# Antique Japanese knives



## Customfan (Apr 27, 2011)

Are there any "antique" japanese kitchen knives that have elaborate handles? or is this a "new" phenomenon?

Does anyone have any "very old" japanese knives that we can Look at? or know of any sites (colectors that have/use them)? :sumo:


----------



## Dave Martell (Apr 28, 2011)

All of the older Japanese knives that I have seen have ho wood handles and steel ferrules, nothing fancy really. I'm sure that I've only seen a sliver of a slice of what's out there though.


----------



## oivind_dahle (Apr 28, 2011)

They all look like **** 
http://page7.auctions.yahoo.co.jp/jp/auction/g84690182

Get Marko to pimp you japanese knives. Then they turn hot


----------



## Andy777 (Apr 28, 2011)

I have a Sugimoto cleaver that was made shortly after WWII when they switched to knives from swords. It is so old that none of the current sugimoto employees were around when it was made (and I think they told me the oldest one there had been there since 1950 something. It's pretty badass and an awesome piece of history. I'll take some pics. Oh and now that I'm done bragging about my cool knife, yes it is plain with a rat tail tange and round wooden handle. :biggrin2:


----------



## JBroida (Apr 28, 2011)

yeah... old knives tend to have very simple handles with the exception of some extremely EXTREMELY expensive ones

some of them also have metal ferrules depending on who made them and when


----------



## Eamon Burke (Apr 28, 2011)

oivind_dahle said:


> They all look like ****
> http://page7.auctions.yahoo.co.jp/jp/auction/g84690182
> 
> Get Marko to pimp you japanese knives.
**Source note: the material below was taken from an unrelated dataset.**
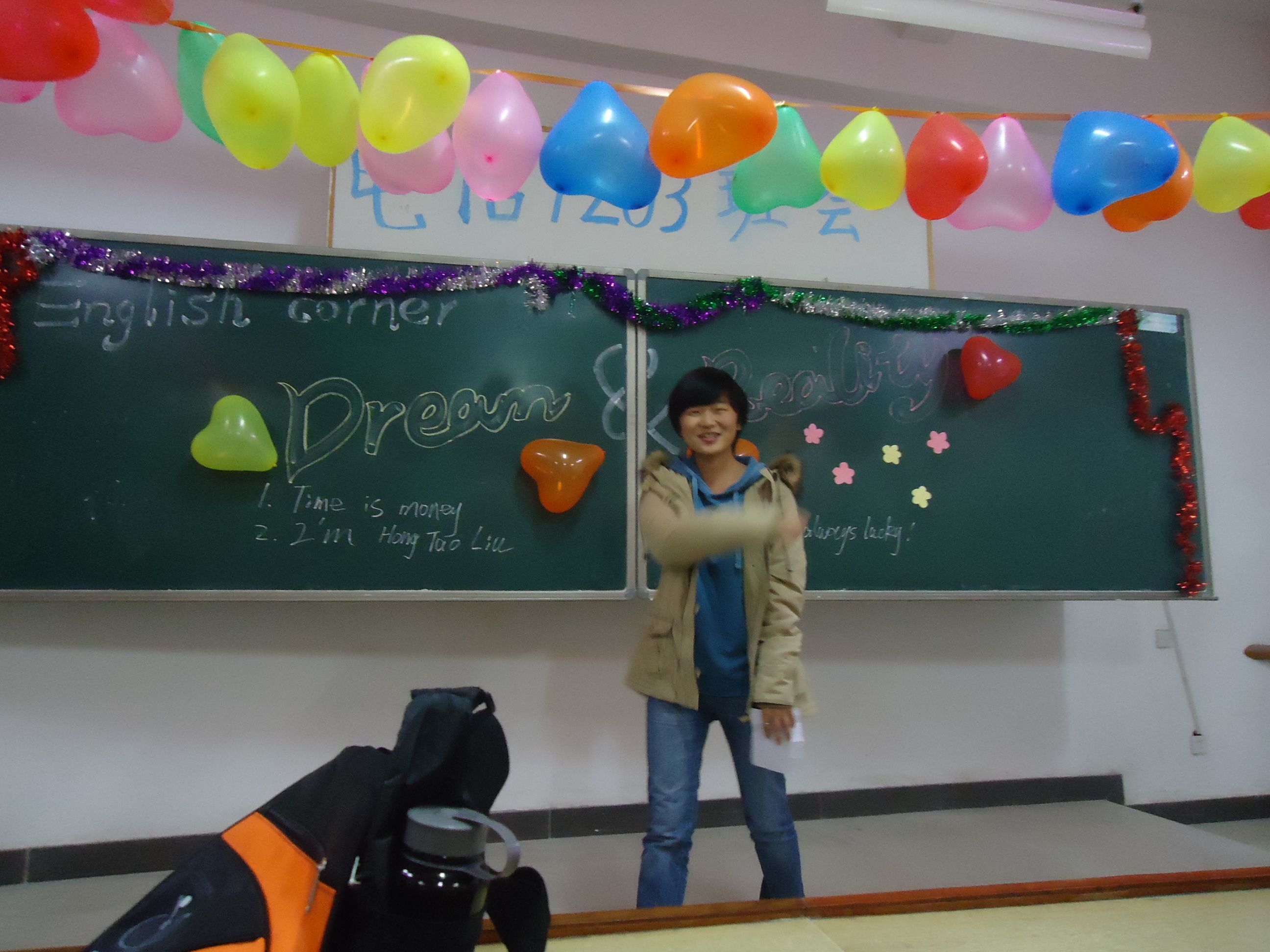 2012年11月4日晚7点,日韩暴力性猛交内射老熟妇团组织部在教学楼C座开展了以“dream and reality”为主题的英语角活动。大一大二参与此次活动。

Then they turn hot


 
HAHAHA Chrome translated that page and the name of the knife was translated "Ebony feet burning a plate of fish slicer".:lol2::lol2:

I find it interesting that none of them have special woods. What do the crappy ones look like? How come nobody ever made a pretty knife handle, and if they did, why didn't anyone keep it?


----------



## Customfan (Apr 28, 2011)

:cool2:That sounds like an awesome Cleaver, can't wait to see those photos, if it isn't too much to ask, where did you acquire such treasure? 

So we can attribute embellishment to our times (With such very rare exceptions? As Jon says) Do you know where we can glance at more of these old beauties Jon? I guess handles were not as important back then...


----------



## JBroida (Apr 28, 2011)

Customfan said:


> :cool2:That sounds like an awesome Cleaver, can't wait to see those photos, if it isn't too much to ask, where did you acquire such treasure?
> 
> So we can attribute embellishment to our times (With such very rare exceptions? As Jon says) Do you know where we can glance at these old beauties Jon? Museums perhaps? Private collections?


 
i havent really ever seen those knives in museums... mostly in private collections of chefs or families of chefs and from a few knifemakers


----------



## Customfan (Apr 28, 2011)

Jon... Maybe you can help me with this... Samurai sword makers took tamahagane to make steel, did they use lesser quality (Non samurai grade) for their kitchen knives or is it the same quality for honyaki and other kitchen K.?.... Have things changed from back then to now?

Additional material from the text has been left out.